• **Work task**: Type out the complete listing below word for word, without its pictures.

• **Dataset section**:
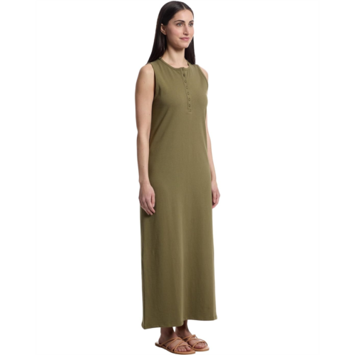- The Lilla P Henley Maxi Dress, in mid-weight structured knit fabric, is a versatile addition to your dress collection. With a skinny placket and a sleek silhouette that skims the body without being too fitted, this long dress combines comfort with effortless style. A side slit on the left adds a hint of allure, while the buttoned front closure ensures easy wear. This sleeveless dress is designed with a jewel neckline and a straight hem. Ideal for spring days or casual evenings, this maxi dress is a wardrobe staple.
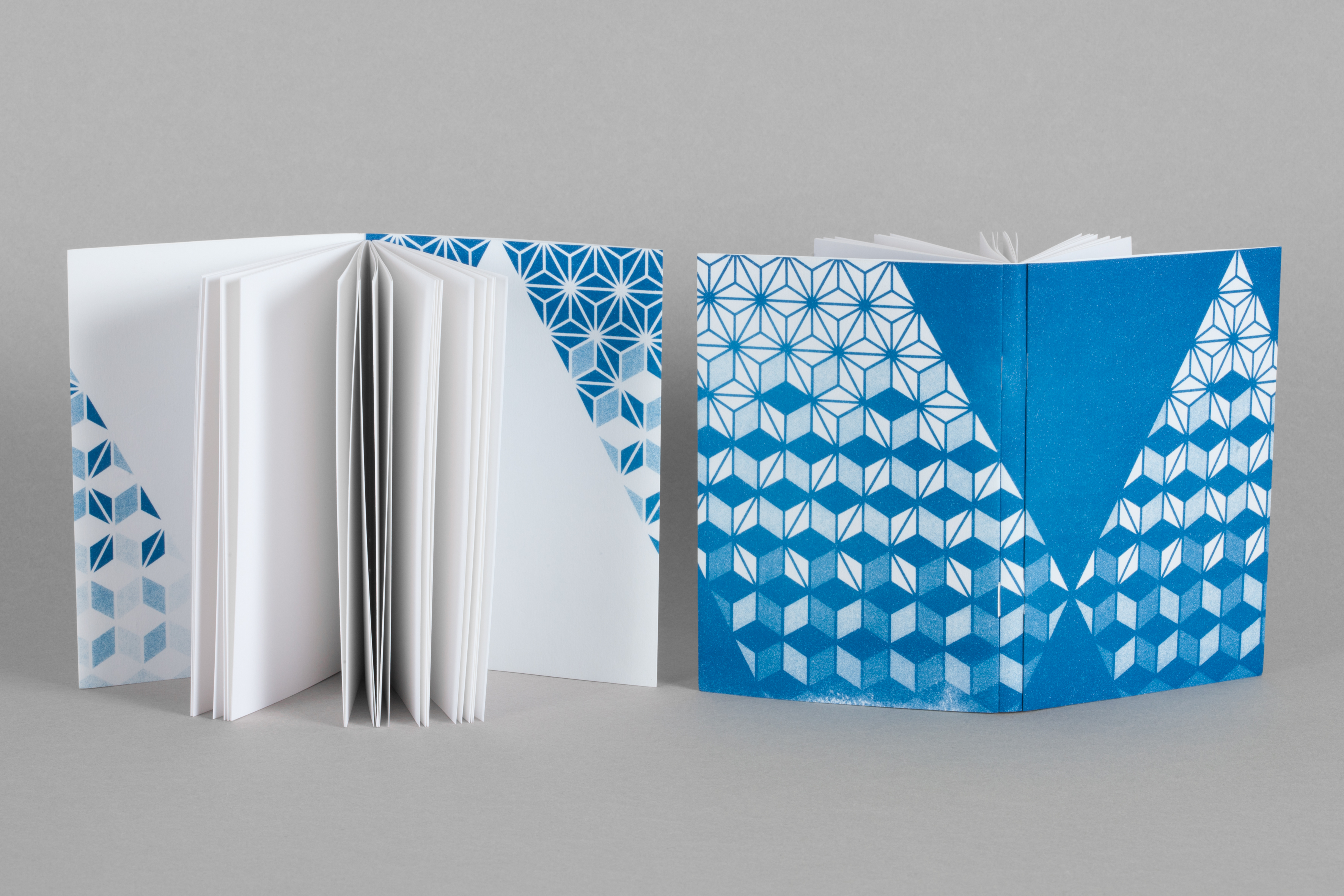 Les couvertures, mises à la verticale, s’entrouvrent et montrent la construction du livre, habituellement cachée. On comprend alors que la couverture est un long bandeau de papier plié. Les motifs se poursuivent jusqu’à l’intérieur du livre. Le motif est réalisé en cyanotype, un procédé photographique monochrome négatif ancien.
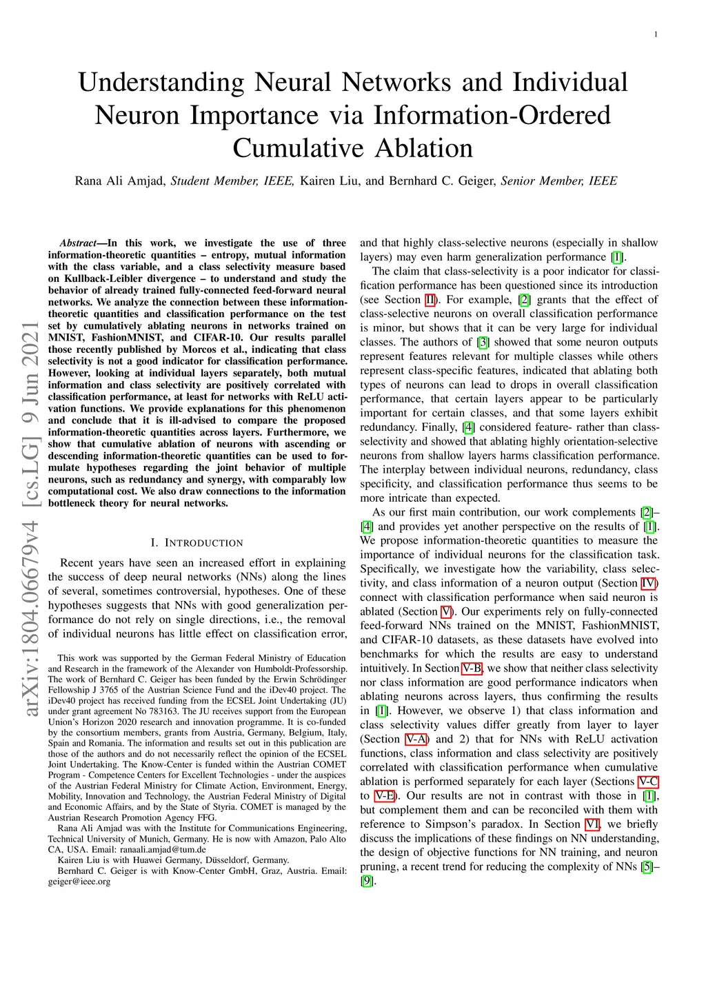 Understanding Neural Networks and Individual Neuron Importance via

• **The completed task**:
- The Lilla P Henley Maxi Dress, in mid-weight structured knit fabric, is a versatile addition to your dress collection. With a skinny placket and a sleek silhouette that skims the body without being too fitted, this long dress combines comfort with effortless style. A side slit on the left adds a hint of allure, while the buttoned front closure ensures easy wear. This sleeveless dress is designed with a jewel neckline and a straight hem. Ideal for spring days or casual evenings, this maxi dress is a wardrobe staple.
 Les couvertures, mises à la verticale, s’entrouvrent et montrent la construction du livre, habituellement cachée. On comprend alors que la couverture est un long bandeau de papier plié. Les motifs se poursuivent jusqu’à l’intérieur du livre. Le motif est réalisé en cyanotype, un procédé photographique monochrome négatif ancien.
 Understanding Neural Networks and Individual Neuron Importance via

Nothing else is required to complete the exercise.